R=golang-dev, edsrzf, bradfitz, rsc
CC=golang-dev
https://golang.org/cl/5451087
---
 src/pkg/net/smtp/auth.go      | 32 +++++++++++++++++++++++++++++++-
 src/pkg/net/smtp/smtp_test.go |  1 +
 2 files changed, 32 insertions(+), 1 deletion(-)

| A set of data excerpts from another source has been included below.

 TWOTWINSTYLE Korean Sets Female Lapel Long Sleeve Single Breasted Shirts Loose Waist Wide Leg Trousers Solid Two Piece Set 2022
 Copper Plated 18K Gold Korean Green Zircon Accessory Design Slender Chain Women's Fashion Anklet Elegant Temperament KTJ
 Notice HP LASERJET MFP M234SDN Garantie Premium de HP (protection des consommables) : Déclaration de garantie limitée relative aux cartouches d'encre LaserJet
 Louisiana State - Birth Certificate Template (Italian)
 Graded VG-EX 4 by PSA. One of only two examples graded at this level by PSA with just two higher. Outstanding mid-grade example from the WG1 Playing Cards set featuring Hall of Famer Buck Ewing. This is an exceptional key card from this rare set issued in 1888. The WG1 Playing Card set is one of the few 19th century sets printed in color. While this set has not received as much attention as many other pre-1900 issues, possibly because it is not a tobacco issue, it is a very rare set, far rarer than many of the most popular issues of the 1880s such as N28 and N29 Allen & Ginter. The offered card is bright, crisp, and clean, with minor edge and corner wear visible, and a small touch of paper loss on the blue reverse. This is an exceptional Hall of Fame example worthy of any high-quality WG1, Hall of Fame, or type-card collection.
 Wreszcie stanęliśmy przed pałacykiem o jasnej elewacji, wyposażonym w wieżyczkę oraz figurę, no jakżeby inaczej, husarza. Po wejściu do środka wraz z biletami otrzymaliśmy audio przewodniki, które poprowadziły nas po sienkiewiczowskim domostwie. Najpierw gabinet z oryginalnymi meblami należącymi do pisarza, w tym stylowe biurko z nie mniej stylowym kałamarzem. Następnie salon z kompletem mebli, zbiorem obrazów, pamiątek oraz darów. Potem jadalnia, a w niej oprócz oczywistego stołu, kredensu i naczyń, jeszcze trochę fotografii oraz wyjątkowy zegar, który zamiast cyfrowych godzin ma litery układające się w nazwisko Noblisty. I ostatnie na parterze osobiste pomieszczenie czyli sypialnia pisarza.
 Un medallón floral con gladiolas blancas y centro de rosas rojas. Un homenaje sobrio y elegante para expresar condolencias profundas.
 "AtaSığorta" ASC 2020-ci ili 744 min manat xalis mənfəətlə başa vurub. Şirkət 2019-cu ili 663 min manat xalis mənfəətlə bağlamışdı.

diff --git a/src/pkg/net/smtp/auth.go b/src/pkg/net/smtp/auth.go
index 10a757fc643..6f0cde0d283 100644
--- a/src/pkg/net/smtp/auth.go
+++ b/src/pkg/net/smtp/auth.go
@@ -4,7 +4,11 @@
 
 package smtp
 
-import "errors"
+import (
+	"crypto/hmac"
+	"errors"
+	"fmt"
+)
 
 // Auth is implemented by an SMTP authentication mechanism.
 type Auth interface {
@@ -65,3 +69,29 @@ func (a *plainAuth) Next(fromServer []byte, more bool) ([]byte, error) {
 	}
 	return nil, nil
 }
+
+type cramMD5Auth struct {
+	username, secret string
+}
+
+// CRAMMD5Auth returns an Auth that implements the CRAM-MD5 authentication
+// mechanism as defined in RFC 2195.
+// The returned Auth uses the given username and secret to authenticate
+// to the server using the challenge-response mechanism.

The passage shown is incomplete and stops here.